> [Dataset content]:
-- -- --
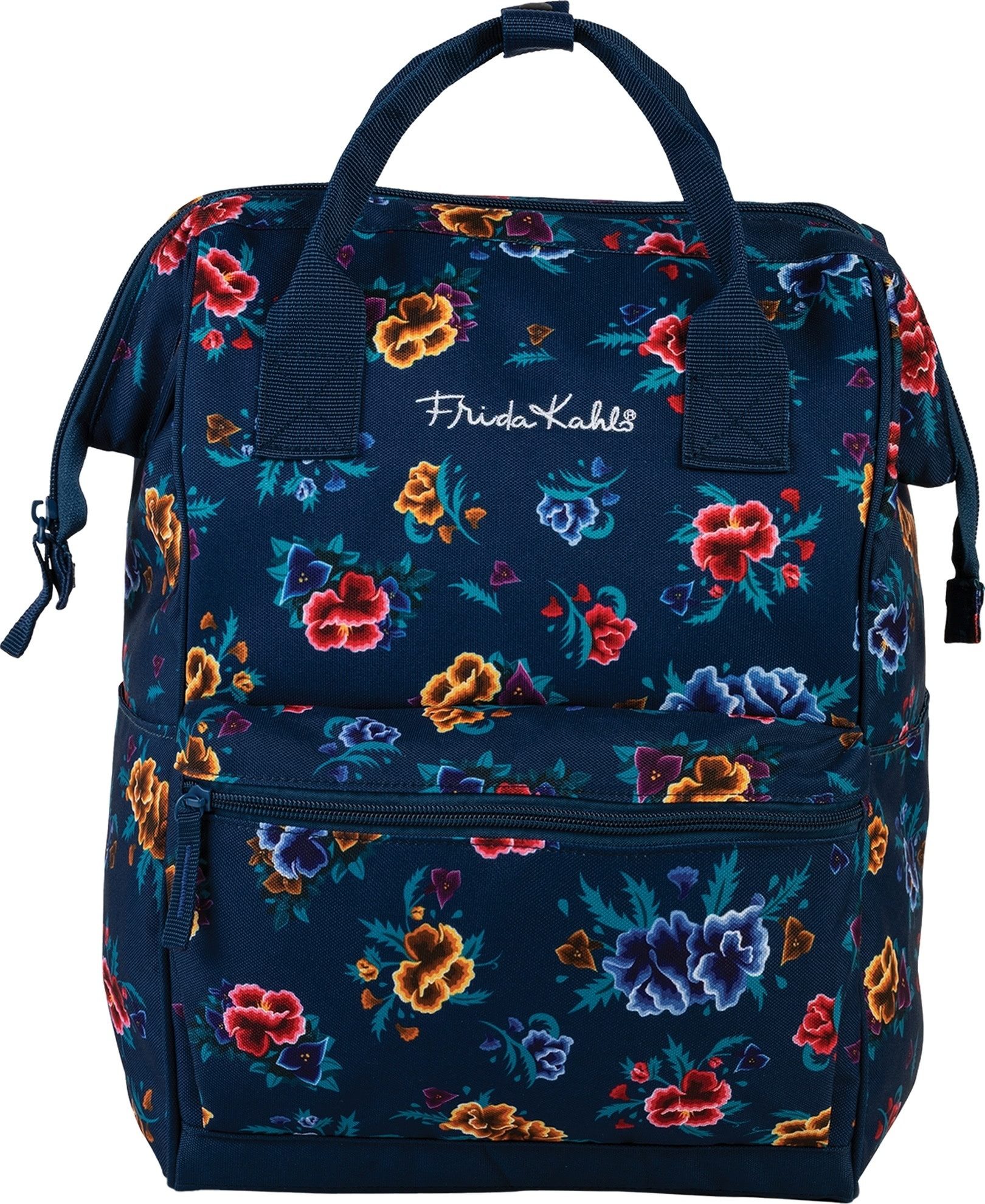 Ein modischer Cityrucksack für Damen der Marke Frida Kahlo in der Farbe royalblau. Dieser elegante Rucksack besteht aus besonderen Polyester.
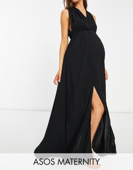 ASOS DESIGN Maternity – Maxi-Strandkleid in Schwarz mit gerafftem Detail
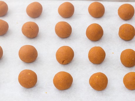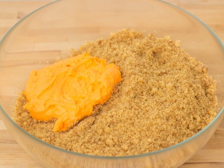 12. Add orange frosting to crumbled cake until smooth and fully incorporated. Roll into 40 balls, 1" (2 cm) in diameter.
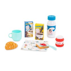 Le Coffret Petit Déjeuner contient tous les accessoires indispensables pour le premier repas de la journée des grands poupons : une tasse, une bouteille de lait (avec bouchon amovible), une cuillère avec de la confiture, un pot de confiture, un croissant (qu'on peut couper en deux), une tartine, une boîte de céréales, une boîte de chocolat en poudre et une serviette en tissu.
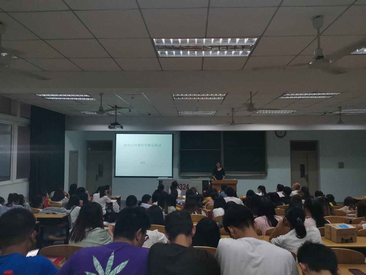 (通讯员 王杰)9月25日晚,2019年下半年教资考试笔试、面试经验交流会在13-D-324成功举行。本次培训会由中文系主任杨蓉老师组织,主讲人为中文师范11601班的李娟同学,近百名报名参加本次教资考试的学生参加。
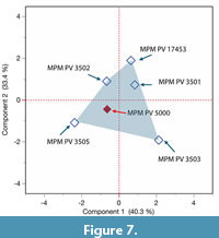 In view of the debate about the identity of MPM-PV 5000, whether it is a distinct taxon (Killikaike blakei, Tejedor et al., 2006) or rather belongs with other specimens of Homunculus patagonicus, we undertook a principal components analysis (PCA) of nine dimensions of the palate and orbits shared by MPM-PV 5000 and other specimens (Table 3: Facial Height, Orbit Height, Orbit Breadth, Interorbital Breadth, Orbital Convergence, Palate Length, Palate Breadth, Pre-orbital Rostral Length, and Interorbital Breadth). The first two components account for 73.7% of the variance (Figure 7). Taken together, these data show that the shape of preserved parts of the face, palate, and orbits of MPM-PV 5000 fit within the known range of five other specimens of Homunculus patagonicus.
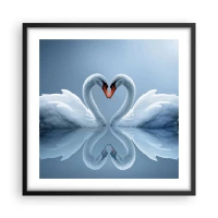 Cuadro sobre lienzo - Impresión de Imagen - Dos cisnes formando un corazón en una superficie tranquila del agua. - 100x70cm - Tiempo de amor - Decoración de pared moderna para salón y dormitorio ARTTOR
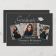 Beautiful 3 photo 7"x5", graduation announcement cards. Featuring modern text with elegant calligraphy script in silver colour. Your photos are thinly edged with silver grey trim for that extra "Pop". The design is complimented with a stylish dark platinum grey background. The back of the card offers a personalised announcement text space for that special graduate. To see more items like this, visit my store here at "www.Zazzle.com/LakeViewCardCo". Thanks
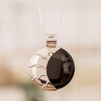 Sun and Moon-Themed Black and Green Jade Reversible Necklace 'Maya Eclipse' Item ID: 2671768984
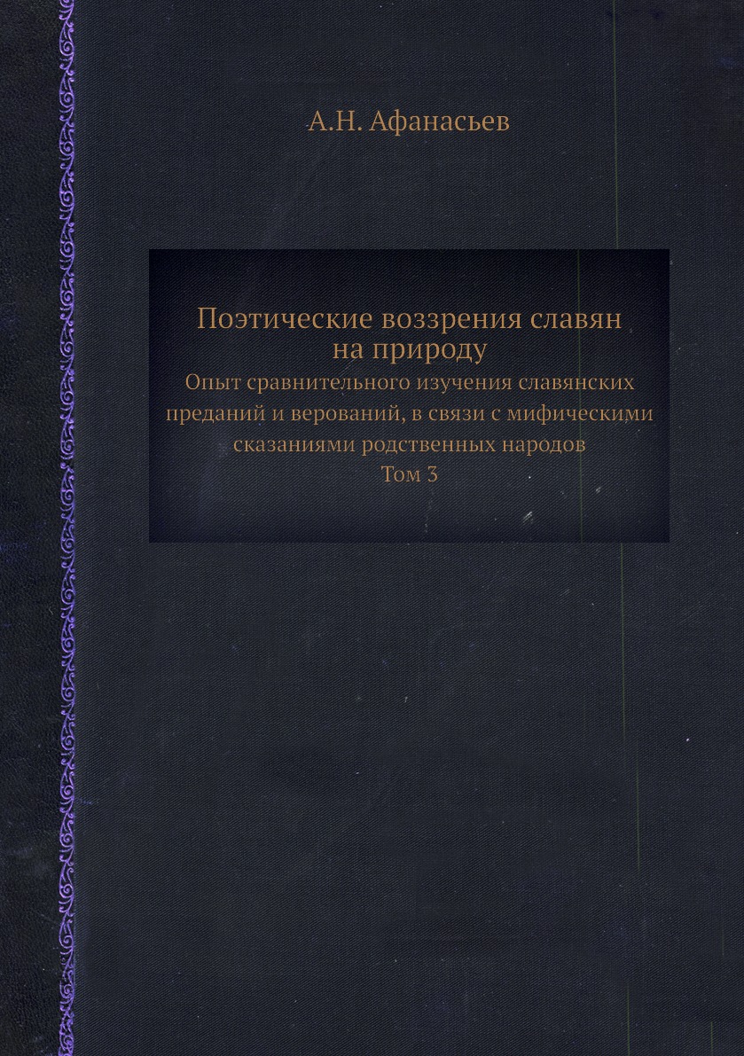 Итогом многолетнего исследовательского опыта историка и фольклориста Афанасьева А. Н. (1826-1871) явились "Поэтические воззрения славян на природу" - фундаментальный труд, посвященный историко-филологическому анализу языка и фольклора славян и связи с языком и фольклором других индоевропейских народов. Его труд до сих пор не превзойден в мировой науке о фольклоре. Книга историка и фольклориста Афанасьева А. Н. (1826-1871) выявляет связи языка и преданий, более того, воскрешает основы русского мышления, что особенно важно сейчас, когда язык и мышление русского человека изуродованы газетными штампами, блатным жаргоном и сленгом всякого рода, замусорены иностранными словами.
-- -- --
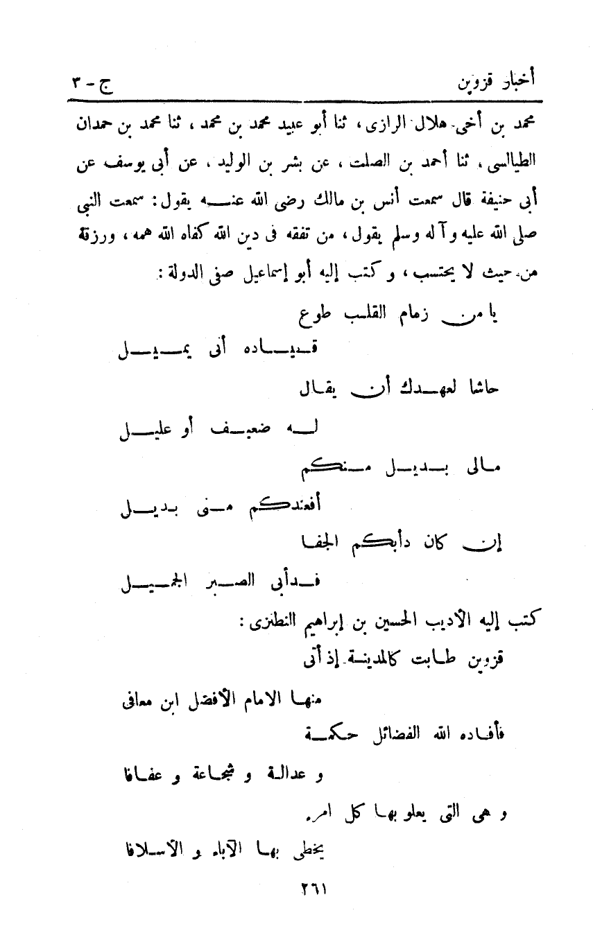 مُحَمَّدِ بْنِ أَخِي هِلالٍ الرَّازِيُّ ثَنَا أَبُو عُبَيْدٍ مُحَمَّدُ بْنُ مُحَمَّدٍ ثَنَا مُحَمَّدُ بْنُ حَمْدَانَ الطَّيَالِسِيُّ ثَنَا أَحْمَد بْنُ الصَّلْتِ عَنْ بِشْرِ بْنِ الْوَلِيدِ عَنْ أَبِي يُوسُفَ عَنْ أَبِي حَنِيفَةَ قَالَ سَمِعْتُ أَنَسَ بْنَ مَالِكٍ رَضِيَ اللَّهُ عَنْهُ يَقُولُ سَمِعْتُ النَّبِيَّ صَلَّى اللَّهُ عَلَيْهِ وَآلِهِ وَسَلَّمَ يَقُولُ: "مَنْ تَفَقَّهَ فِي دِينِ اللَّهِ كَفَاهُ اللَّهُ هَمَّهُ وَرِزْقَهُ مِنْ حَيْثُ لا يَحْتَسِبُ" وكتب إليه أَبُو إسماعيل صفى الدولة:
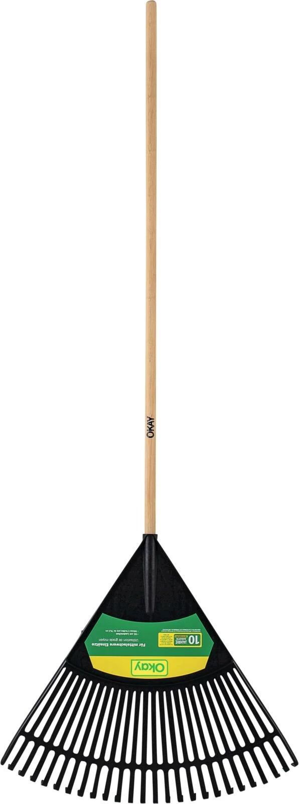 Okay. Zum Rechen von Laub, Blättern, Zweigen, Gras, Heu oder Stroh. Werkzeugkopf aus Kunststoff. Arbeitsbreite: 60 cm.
-- -- --
> [What this task involves]: An exact transcription is needed of the lines from the one with "12. Add orange" to the one with "(通讯员 王杰)9月25日晚" above, both ends included, with pictures left out.

> [Answer space]:
 12. Add orange frosting to crumbled cake until smooth and fully incorporated. Roll into 40 balls, 1" (2 cm) in diameter.
 Le Coffret Petit Déjeuner contient tous les accessoires indispensables pour le premier repas de la journée des grands poupons : une tasse, une bouteille de lait (avec bouchon amovible), une cuillère avec de la confiture, un pot de confiture, un croissant (qu'on peut couper en deux), une tartine, une boîte de céréales, une boîte de chocolat en poudre et une serviette en tissu.
 (通讯员 王杰)9月25日晚,2019年下半年教资考试笔试、面试经验交流会在13-D-324成功举行。本次培训会由中文系主任杨蓉老师组织,主讲人为中文师范11601班的李娟同学,近百名报名参加本次教资考试的学生参加。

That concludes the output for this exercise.